To quickly recap our proposal for this project, we wanted to delve into the often-uncomfortable topic of gun-related violence. By exploring the data from a purely statistical lens, we wanted to see if we could gain any insights into this sensitive issue. We approached the project with the intention of answering the following questions:

Demographics - which gender or age group is more susceptible to gun violence?
- How are children and teenagers affected?
- Which age group is more likely to commit violence?
- Which gender is more likely to commit violence?
- What is the mortality rate of shooting-related incidents?
Geographical trends - Where is the violence taking place?
- Is it a national or local issue?
- Why do certain socio-economic regions experience a spike in violence?
- Which counties, cities, or states have the most incidents?
- Are there correlations between certain times of the year?
Ethical questions - Is the public's perception of shootings accurate?
- How is an incident categorized?
- Is the perception of a mass shooting consistent to how it's defined by different government agencies?
- Are there discrepancies between the definitions and the data?
- Can we find a link between an area's violence rate with gun laws?

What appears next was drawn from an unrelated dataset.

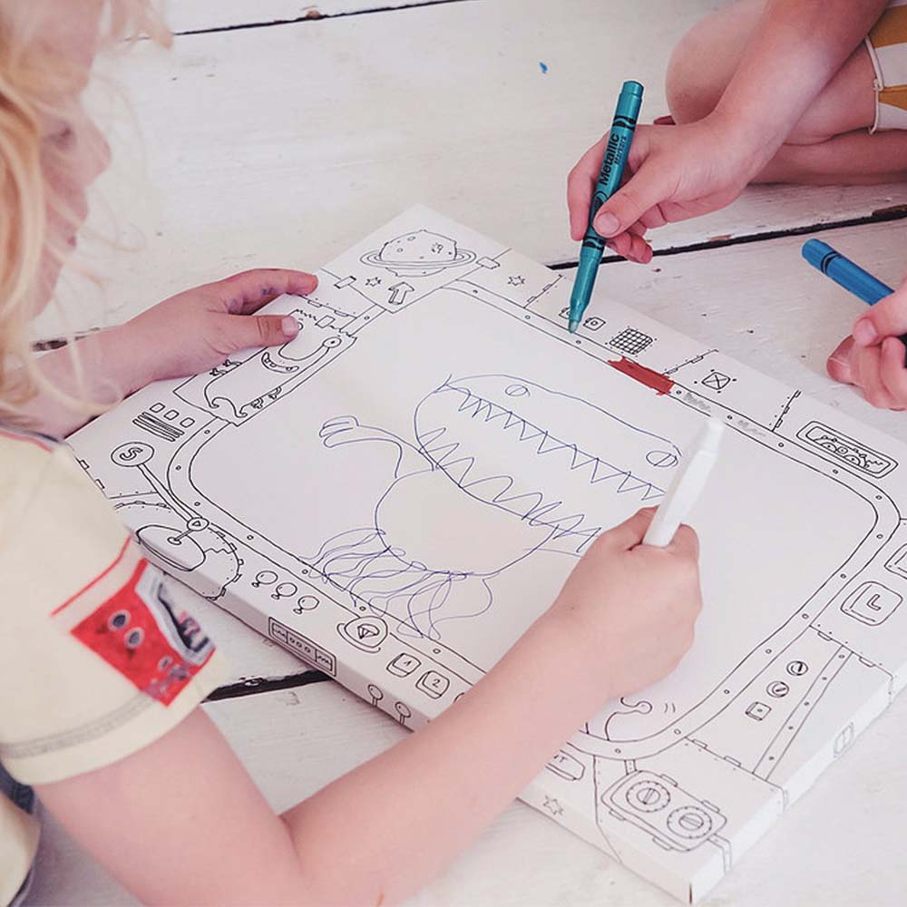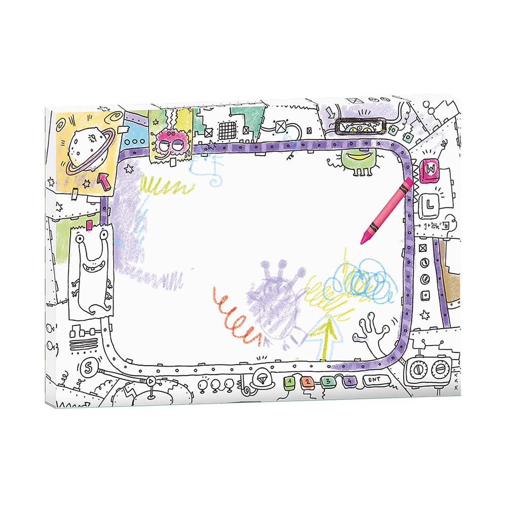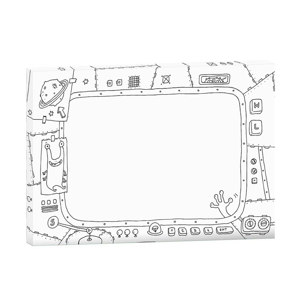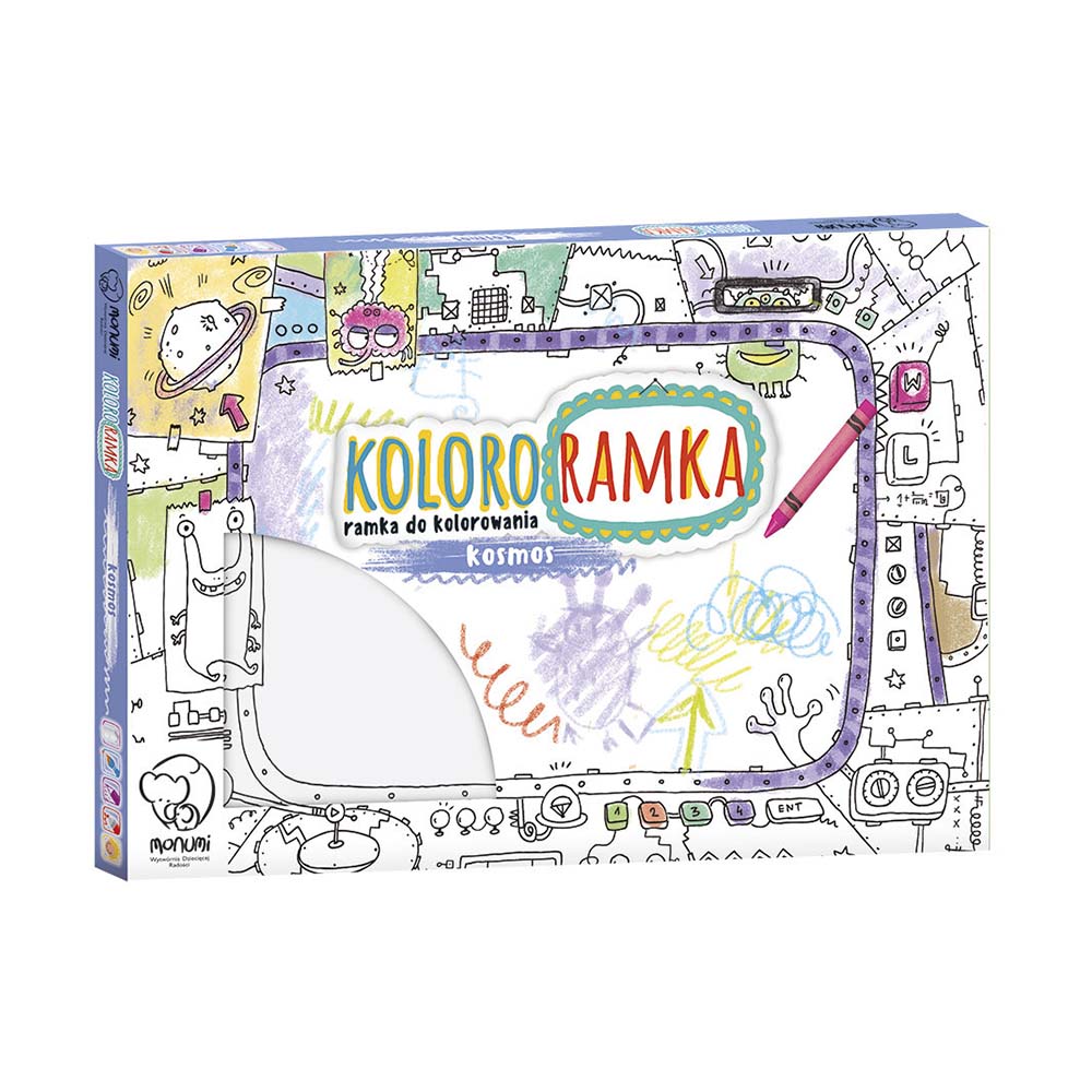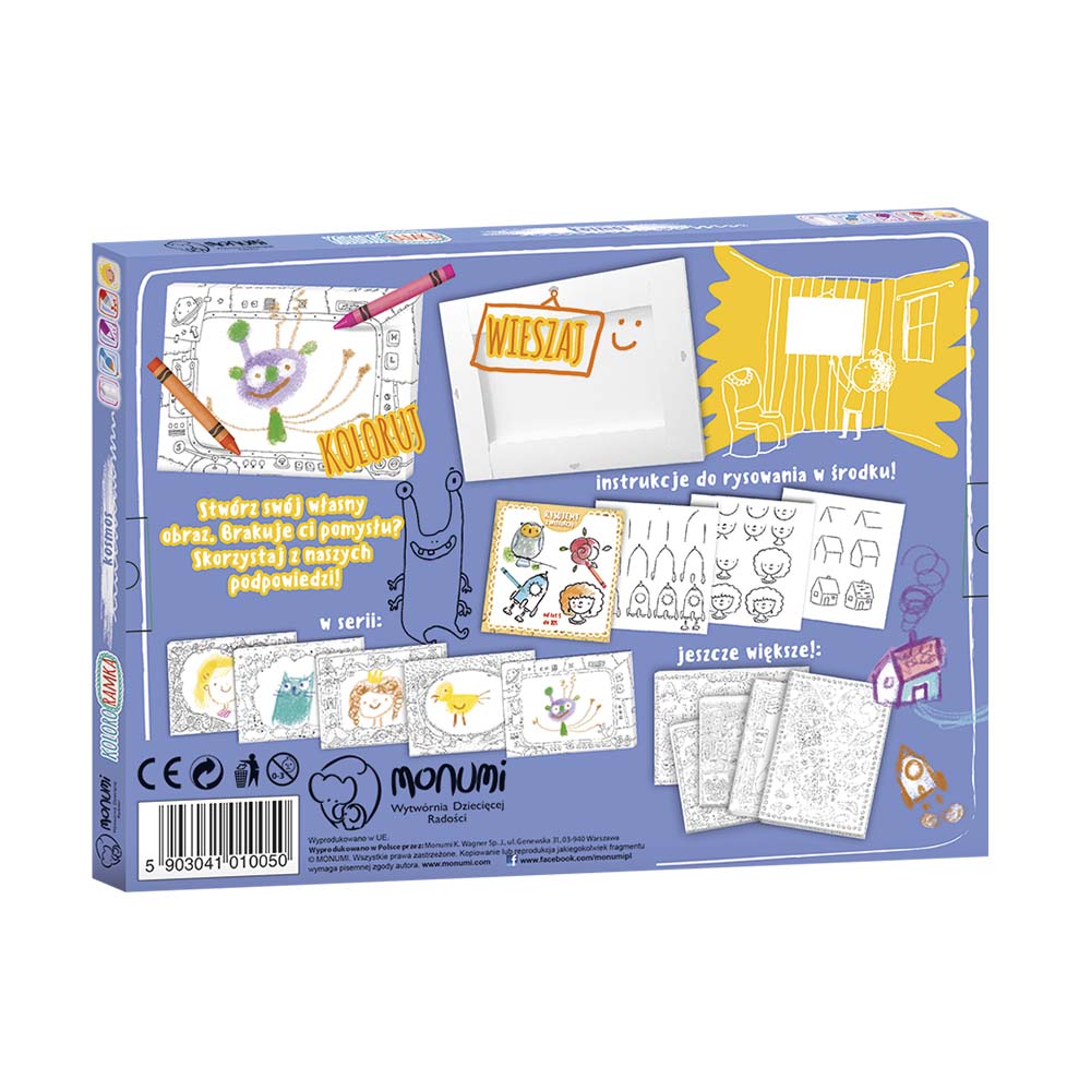 KOLORORAMKA w rozmiarze L to nieduży obrazek do kolorowania osadzony od spodu na przestrzennej ramce o grubości 1,5 cm. Z tyłu otwór do zawieszenia (wzór opatentowany). Rant ozdobiony wzorem na całym obwodzie. Środek kolorowanki jest pusty - przeznaczony na własnoręczny napis, rysunek lub wklejone zdjęcie. By dziecku było łatwiej, do obrazka dołączona jest mini książeczka z wzorami prostych rysunków, które może wykonać samodzielnie.

Gathering Data and Definitions

We kicked off the project by looking for viable and readily available data sources. We knew that there were several open to the public ranging from official government agencies such as the FBI to various non-profit organizations that kept track of gun-related incidents.

The Gun Violence Archive (GVA) was the first to come to mind. Established in 2013, they have been used as a reputable source of incident data by numerous outlets through the years. Through their website, we explored their massive database, and even found some maps and graphs that we thought could serve as inspiration for some of our data visualizations. Eventually, we discovered a way to export the data through a reporting feature, and it was conveniently already organized into different categories such as years or incident attributes.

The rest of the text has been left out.